This repository contains the code and data for the paper “Pervasive Annotation Errors Break Text-to-SQL Benchmarks and Leaderboards.”
We introduce SAR-Agent, the first AI agent for detecting annotation errors in text-to-SQL benchmarks via multi-turn interaction with the database. Using SAR-Agent and expert analysis, we find that BIRD Mini-Dev and Spider 2.0-Snow have error rates of 52.8% and 62.8%, respectively.
We corrected 100 examples sampled from the BIRD Dev set and re-evaluated all 16 open-source agents from the BIRD leaderboard. We observe performance changes of −7% to +31% (relative) and ranking changes from −9 to +9.
Execution accuracy of agents on original and corrected BIRD Dev subsets

Agent ranking changes from original to corrected BIRD Dev subset

Repository layout
- SAR-Agent: implementation of SAR-Agent
- text_to_sql_agents: code and outputs for the 16 open-source agents we re-evaluated
We used OpenAI’s o3 model in our experiments.
Prerequisites
- Python 3.12
Install
cd SAR-Agent
pip install -r requirements.txt
Set credentials
- OpenAI:
export OPENAI_API_KEY='<your_api_key>'
BIRD
- Download the data from https://drive.google.com/file/d/1H_CoROs_rr-11cNg7UeP_cN9PxvGR1qf/view?usp=drive_link.
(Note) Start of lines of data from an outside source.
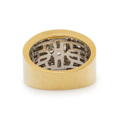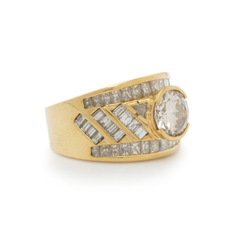 Featuring a bezel set round brilliant cut diamond weighing approximately 2.00 carats, with princess, trillion, and baguette cut accent diamonds weighing approximately 2.20 carats total. Mounted in yellow gold. Ring size 7 1/2.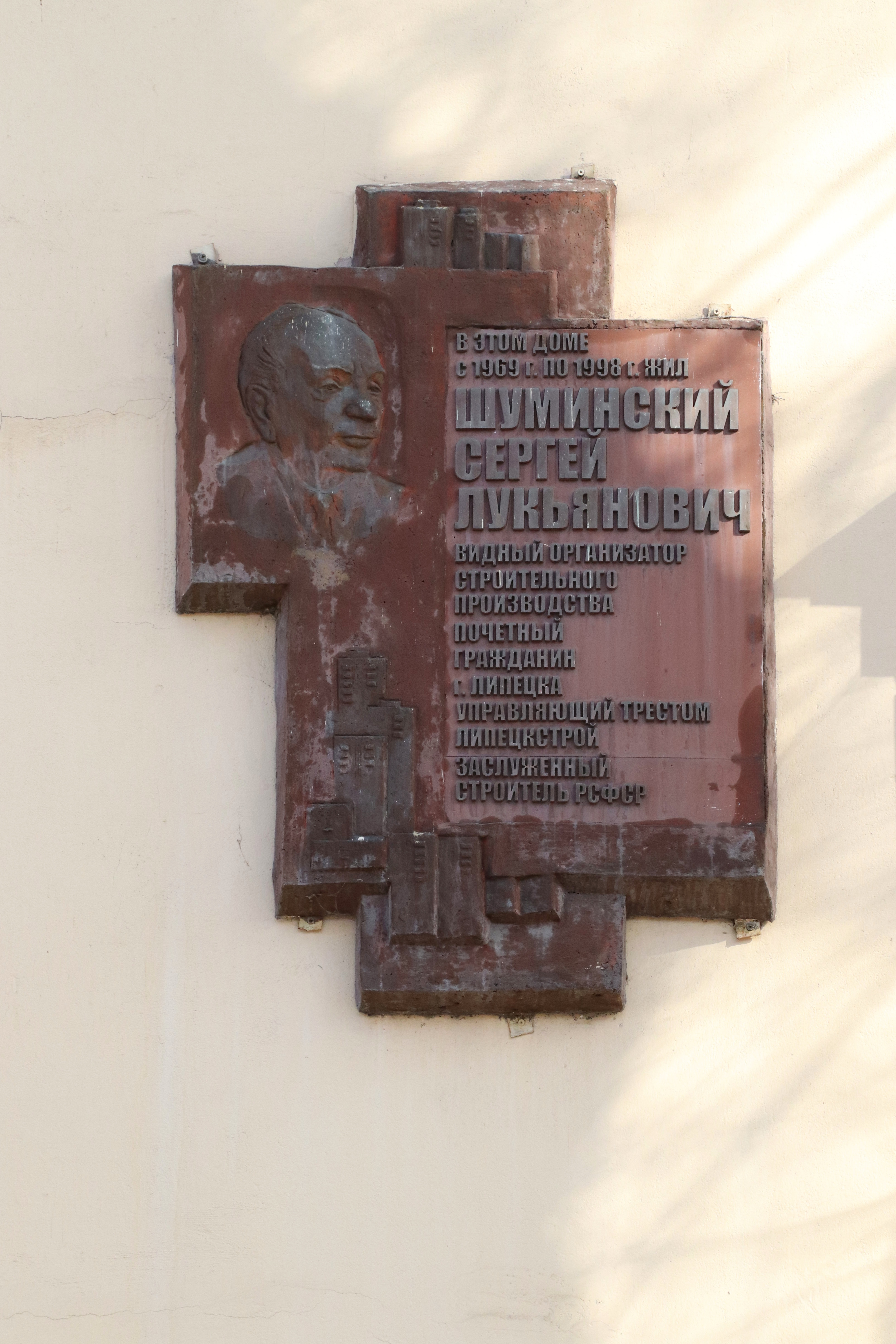 В Липецке мемориальная доска, увековечивающая память управляющего трестом «Липецкстрой», заслуженного строителя РСФСР, почетного гражданина Сергея Лукьяновича Шуминского, установлена в 2011 году на фасаде дома, где он жил (ул. Горького, 26). В этом доме он прожил почти 30 лет.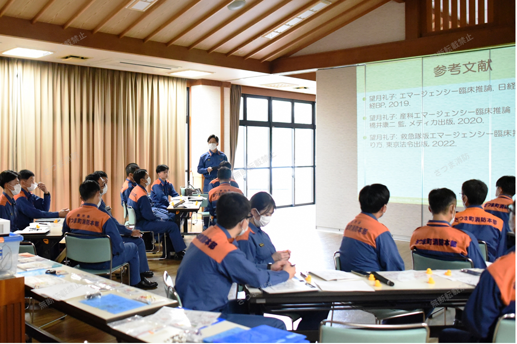 講師に、鹿児島大学救急・集中治療医学分野非常勤講師 救急科専門医の望月礼子医師(以後、望月講師)を招き、「救急隊版エマージェンシー臨床推論・救急脳の作り方~産科版」の研修を実施しました。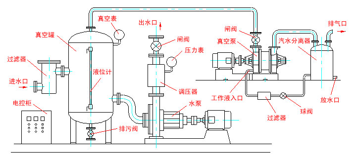 安插在地下的集水管與真空罐入水口相結(jié),當(dāng)真空泵開啟,真空罐內(nèi)達(dá)到額定的真空度時(shí),集水管內(nèi)的存水經(jīng)進(jìn)水過濾器被吸入真空罐內(nèi),當(dāng)達(dá)到一定液位時(shí),水泵開啟,罐體的存水經(jīng)調(diào)壓器排出,從而實(shí)現(xiàn)真空抽水的過程。

- Place databases and files under, e.g., ./bird
Spider 2.0-Snow
- Request Snowflake access via the Spider 2.0 repository: https://github.com/xlang-ai/Spider2.git
- Configure Snowflake credentials.
gdown 1H_CoROs_rr-11cNg7UeP_cN9PxvGR1qf
unzip bird.zip
Example invocations:
-
BIRD:
python sql_verifier.py -
Spider 2.0-Snow:
python sql_verifier_sf.py -
Spider 2.0-Snow-0713:
python sql_verifier_sf.py --old_sf
We include 16 open-source agents from the BIRD leaderboard under text_to_sql_agents. For convenience, we also include the generated SQL outputs used in our study.
- Each agent folder under text_to_sql_agents contains a results/ subfolder with generated queries for both the original and corrected subsets (see each agent’s README for file names).
- To compute execution accuracy, run the evaluation script, for example:
python evaluate.py \ --pred ./CHESS/results/dev.json \ --gold ./data/dev/dev.json \ --db_path ./data/dev/dev_databases
- Download the original and corrected BIRD Dev subsets https://drive.google.com/file/d/1lhWvaI15UnAa7Mjs1dtKiBEfLRzJJpEz/view?usp=sharing
gdown 1lhWvaI15UnAa7Mjs1dtKiBEfLRzJJpEz
- Each agent folder contains a README with environment setup, checkpoints, and run commands.
- You can follow their README files to run agents yourself.